Growing India’s Nonwovens And Technical Textile Sectors


I
ndia is rising and moving ahead with opportunities in every industrial sector. For the
past four years, India’s gross domestic product (GDP) has grown more than 8 percent. Growth in 2007
reached as high as 9.4 percent and is predicted to fall to between 8 and 9 percent in 2008. India’s
middle-class population is more than 300 million, which is set to spearhead the growth of the
nonwoven and technical textiles industry. According to global investment banker Goldman Sachs,
India’s economy will exceed the economy of Europe and Japan by 2030 and that of the United States
by 2045. Such growth is possible because of the increase in household incomes and the predicted
growth in the agriculture, manufacturing and service sectors.


India’s Consumption Of Nonwovens (2007-2050)

crystalball The liberalization of the Indian economy in 1991 coincided with the booming
information technology sector. This fortuitous development has led to the growth of a middle-class
population with disposable income. In addition, since 2000, India has set up one-stop superstores
that are commonly referred to as “big bazaars,” and most recently with organized retail stores and
malls. The economy and the growth in the sales outlet will lead to a higher consumption of
disposable items such as nonwovens. Furthermore, the Indian government is planning to spend a large
sum of money on infrastructure projects such as highways and bridges, which will consume
semi-durable and durable nonwovens and technical textiles.

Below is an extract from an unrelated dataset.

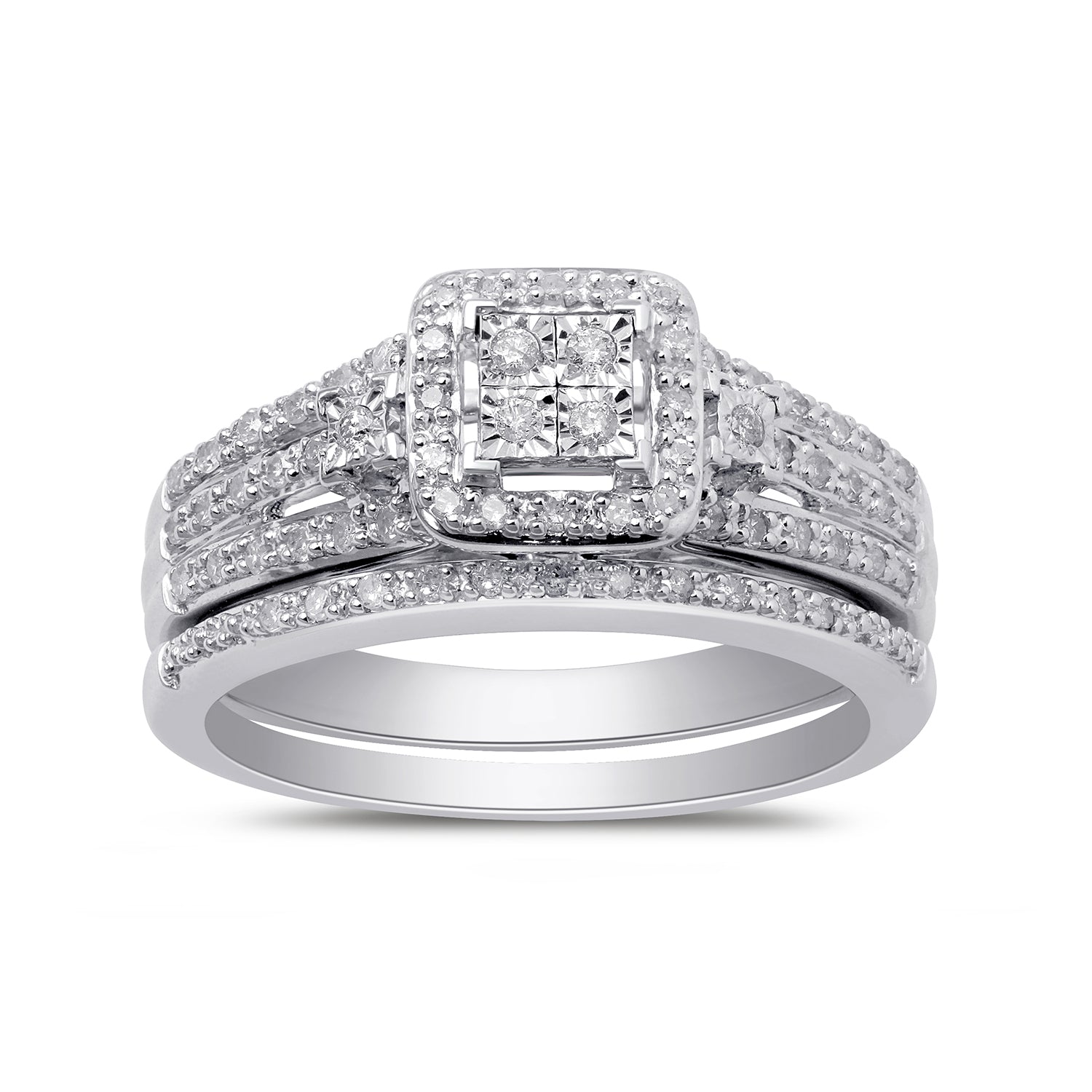 • Sterling Silver With 1/3 Cttw Natural White Diamonds Bridal Set

According to estimates by the United States-based Association of the Nonwoven Fabrics
Industry (INDA) and Belgium-based EDANA, the International Association Serving the Nonwovens and
Related Industries, the current annual per capita consumption of nonwovens in India is less than
100 grams, whereas the per capita consumption of nonwovens in developed markets such as the United
States and Western Europe is between 3 and 3.5 kilograms (kg). As is evident from the growth of the
nonwoven industry in developed markets, it has taken nearly four decades for those markets to cross
the threshold level of 3 kg per capita consumption. More interestingly, the per capita consumption
of nonwovens is directly correlated with the per capita income levels of the population. Nonwoven
and technical textiles pundits are in agreement with this theory. However, no one has predicted the
growth of the nonwoven industry based on per capita consumption in India in relation to India’s
projected per capita income level for the next four decades.

An analysis using per capita income levels from the World Bank has led to some interesting
conclusions that will be of enormous interest to the global nonwovens and technical textiles
industry. For this analysis, certain baseline figures were drawn from the data published by the
World Bank. Estimates presented of India’s per capita nonwoven consumption are based on the World
Bank’s income estimates. As per the World Bank data for 2007, per capita GDP of the United States
and India are US$45,817 and US$946.10, respectively. At this per capita income level, it is assumed
that India’s per capita consumption of nonwovens is 80 grams. The annual growth rates used for the
United States’ and India’s economy are 4.6 percent and 13.27 percent, respectively. These figures
are the average growth rates of the two countries, respectively, from 2003 to 2007. These growth
rates have been used to calculate the per capita nonwoven consumption for India and the United
States for the years 2005 to 2050. Tables 1 and 2 provide the per capita income levels and the
corresponding nonwoven consumption for that time period. Since the data will be exhaustive, they
are presented in five year increments.

As may be noted from the Tables, the growth rate in per capita GDP used for the nonwoven
consumption is the same as that of the growth rate assumed for the economy. This is a fairly
well-accepted theory in the industry with regard to the relationship between per capita GDP and
nonwoven consumption growth. Assuming that the industry is fairly developed when the per capita
consumption of nonwovens reaches 3 to 3.5 kg, as is the current state of the US and Western
European industries, India will reach this level in 2035. India’s nonwoven and technical textile
industry is currently highly fragmented and is in the embryonic stage. The industry is predicted to
have double-digit growth between 13 and 15 percent per annum in the next two decades, leading up to
a developed stage by 2035. During this period, developed markets such as the United States and
Western Europe are set to grow at a much slower rate of close to 5 percent. Therefore, it would be
of much value for the global industry to take India seriously and take part in the growth.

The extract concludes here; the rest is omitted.